[[ Data open ]]
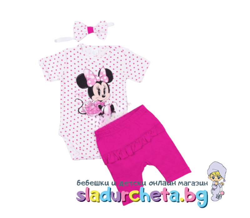 Бодито е бяло на розови точки с апликация на Мини Маус;
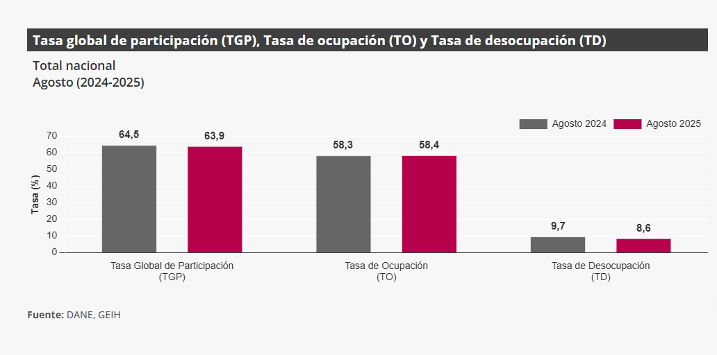 El Departamento Administrativo Nacional de Estadística (DANE) informó que la tasa de desempleo en Colombia cayó al 8,6% en agosto de 2025, cifra que representa una disminución de 1,1 puntos porcentuales frente al mismo mes del año anterior y que se constituye en la más baja de toda la serie histórica.
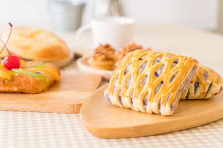 Top view of dessert table Bakery. Baking Bakery with berry jam, almond and poppy seeds. Bread, egg dessert, buns and croissants.
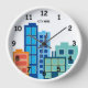 Custom wall clock with city skyline drawing. Personalize with your own name or quote.
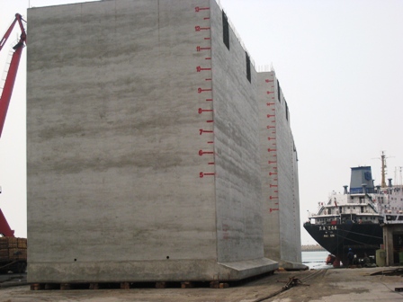 該工程自2008年6月26日開工以來,已完成44個(gè)沉箱的預(yù)制工作,堆滿約 2.2萬平方米的預(yù)制場地。目前,基床水下施工已超計(jì)劃完成,半潛駁船計(jì)劃于本月底進(jìn)場,項(xiàng)目部員工現(xiàn)正加快步伐,有條不紊地進(jìn)行沉箱的各項(xiàng)安裝準(zhǔn)備工作。
[[ Data closed ]]
How to complete this task: Every entry must be reproduced exactly, with the images left out.

Solution to this problem:
 Бодито е бяло на розови точки с апликация на Мини Маус;
 El Departamento Administrativo Nacional de Estadística (DANE) informó que la tasa de desempleo en Colombia cayó al 8,6% en agosto de 2025, cifra que representa una disminución de 1,1 puntos porcentuales frente al mismo mes del año anterior y que se constituye en la más baja de toda la serie histórica.
 Top view of dessert table Bakery. Baking Bakery with berry jam, almond and poppy seeds. Bread, egg dessert, buns and croissants.
 Custom wall clock with city skyline drawing. Personalize with your own name or quote.
 該工程自2008年6月26日開工以來,已完成44個(gè)沉箱的預(yù)制工作,堆滿約 2.2萬平方米的預(yù)制場地。目前,基床水下施工已超計(jì)劃完成,半潛駁船計(jì)劃于本月底進(jìn)場,項(xiàng)目部員工現(xiàn)正加快步伐,有條不紊地進(jìn)行沉箱的各項(xiàng)安裝準(zhǔn)備工作。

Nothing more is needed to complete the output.